PROVIDED DATA.
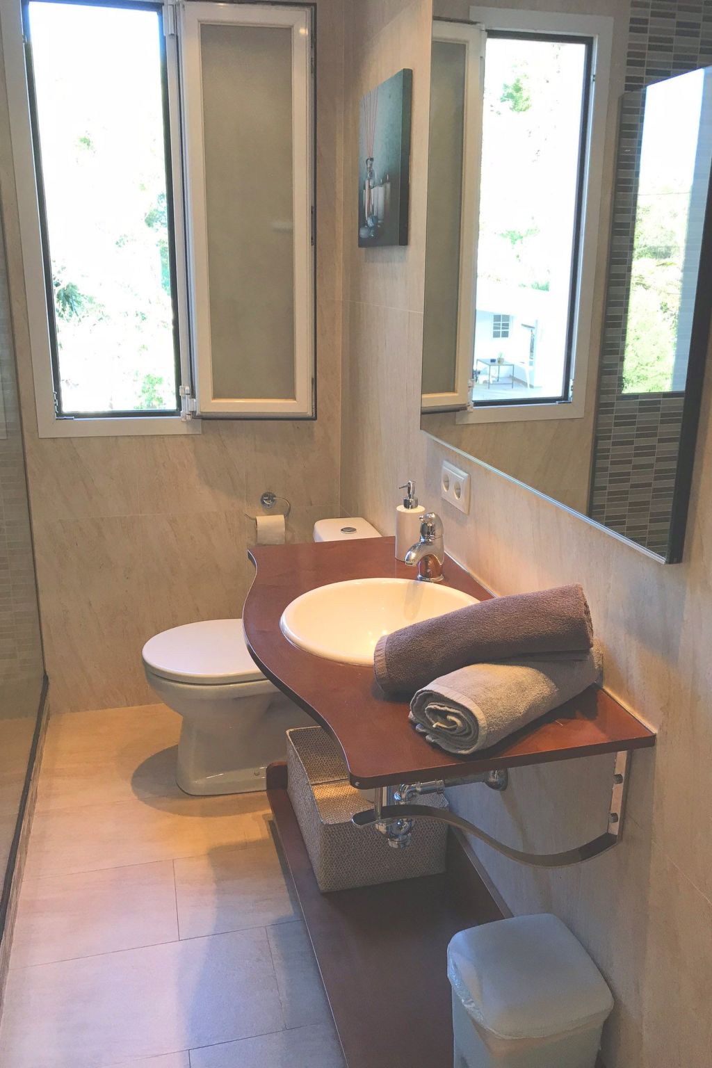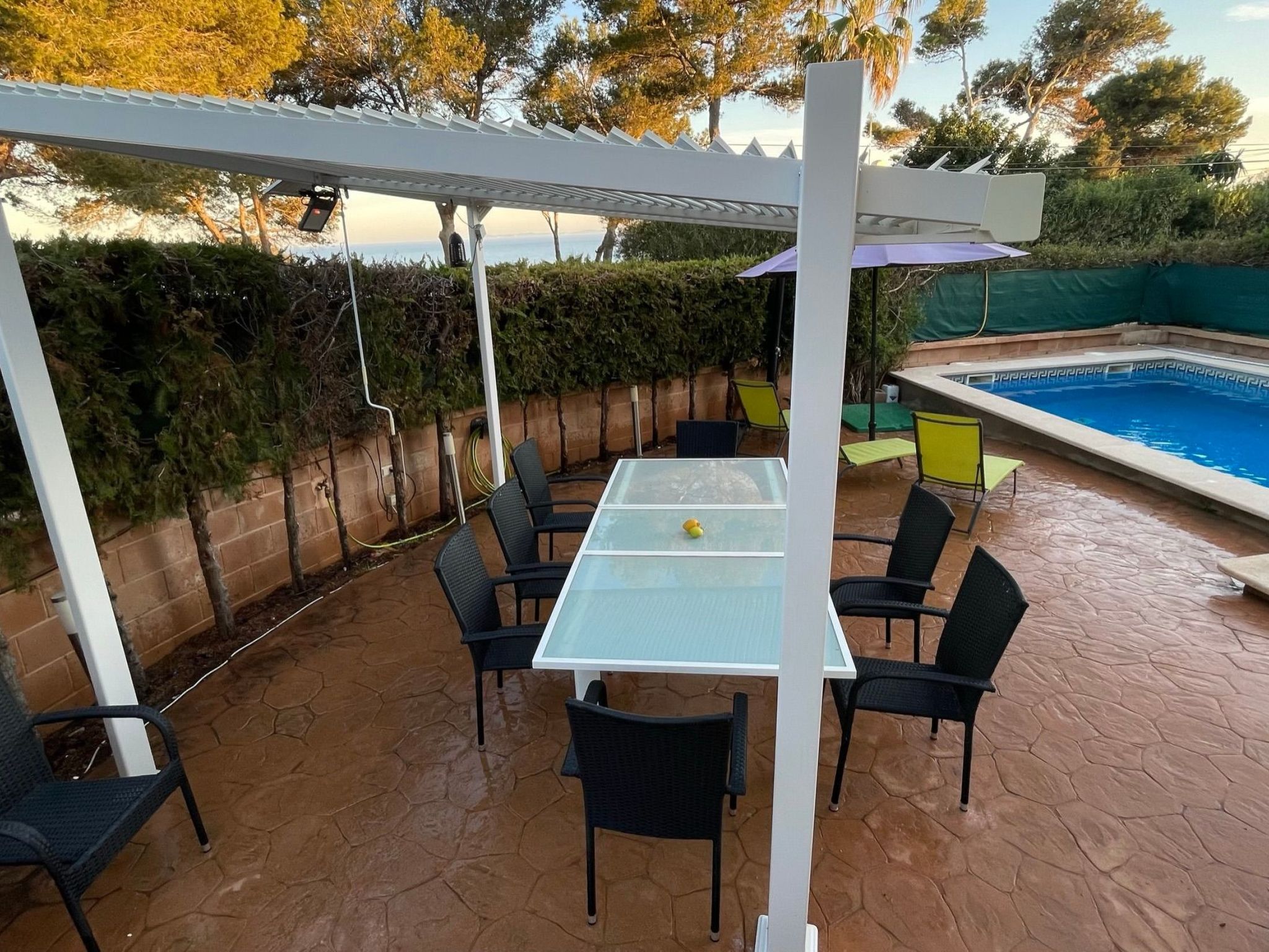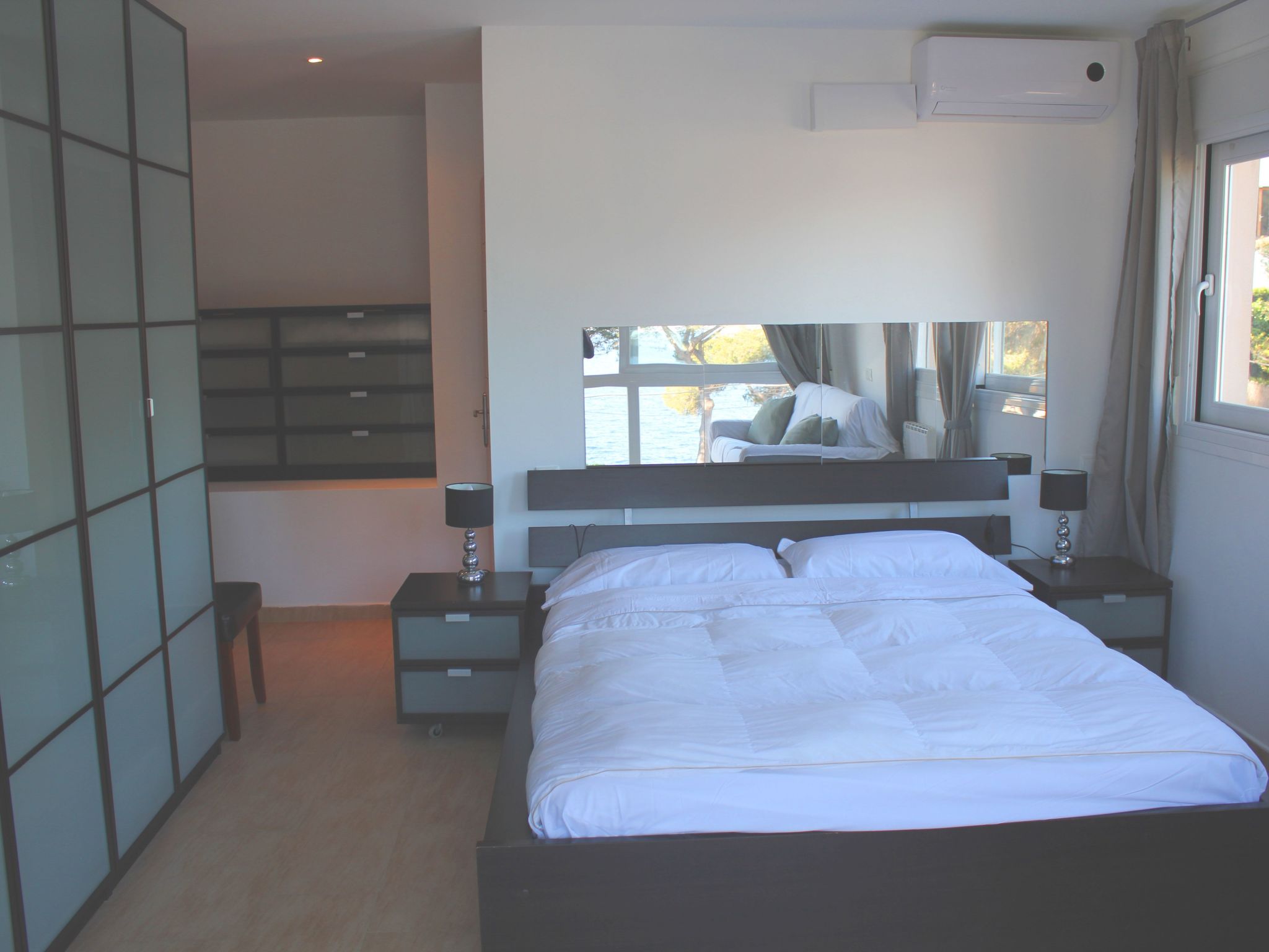 I rent my house which is in front of the sea, surrounded by pine trees, with wonderful views of the island of cabrera (natural park) with the beach just 200 meters, the house is a modern construction, with private pool, private solarium, the pool is outside with 8 by 4 (large pool) has the whole house with direct sea views, with air conditioning included in the price, cable TV and satellite dish, plus high speed wifi, barbecue, microwave, various cafetras, telivision screen 55, the house is surrounded by expectacular restaurants which can be reached on foot the same as the beach, the same as the beach,The house is surrounded by spectacular restaurants which can be reached on foot as well as the beach, it is advisable to have a car if you want to visit mallorca, from the terraces you can see the fabulous beach of es trenc which is only 20 minutes from the house, without a doubt an impressive beach like those of the caribbean if not better.
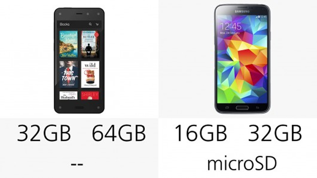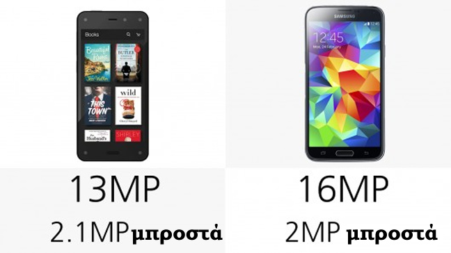 Έτσι, μετά τη σύγκριση με το iPhone 5s, η σελίδα gizmag.com προχωρά στη σύγκριση των τεχνικών χαρακτηριστικών του Fire Phone με το Galaxy S5.
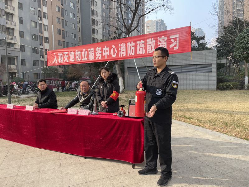 12月15日上午,人和天地物业服务中心举办消防演练活动。演练模拟了火灾发生后物业人员与业主如何快速开展救援及自救,并现场讲解了灭火器的正确使用方法。通过开展消防演练活动,提升了业主的消防安全意识,增强了物业人员火灾应急处置能力,为做好冬季消防安全工作,打造安全、和谐社区奠定了扎实基础。

AIM OF THE TASK. Drop the pictures and give every line above again exactly.

TASK RESPONSE.
 I rent my house which is in front of the sea, surrounded by pine trees, with wonderful views of the island of cabrera (natural park) with the beach just 200 meters, the house is a modern construction, with private pool, private solarium, the pool is outside with 8 by 4 (large pool) has the whole house with direct sea views, with air conditioning included in the price, cable TV and satellite dish, plus high speed wifi, barbecue, microwave, various cafetras, telivision screen 55, the house is surrounded by expectacular restaurants which can be reached on foot the same as the beach, the same as the beach,The house is surrounded by spectacular restaurants which can be reached on foot as well as the beach, it is advisable to have a car if you want to visit mallorca, from the terraces you can see the fabulous beach of es trenc which is only 20 minutes from the house, without a doubt an impressive beach like those of the caribbean if not better.
 Έτσι, μετά τη σύγκριση με το iPhone 5s, η σελίδα gizmag.com προχωρά στη σύγκριση των τεχνικών χαρακτηριστικών του Fire Phone με το Galaxy S5.
 12月15日上午,人和天地物业服务中心举办消防演练活动。演练模拟了火灾发生后物业人员与业主如何快速开展救援及自救,并现场讲解了灭火器的正确使用方法。通过开展消防演练活动,提升了业主的消防安全意识,增强了物业人员火灾应急处置能力,为做好冬季消防安全工作,打造安全、和谐社区奠定了扎实基础。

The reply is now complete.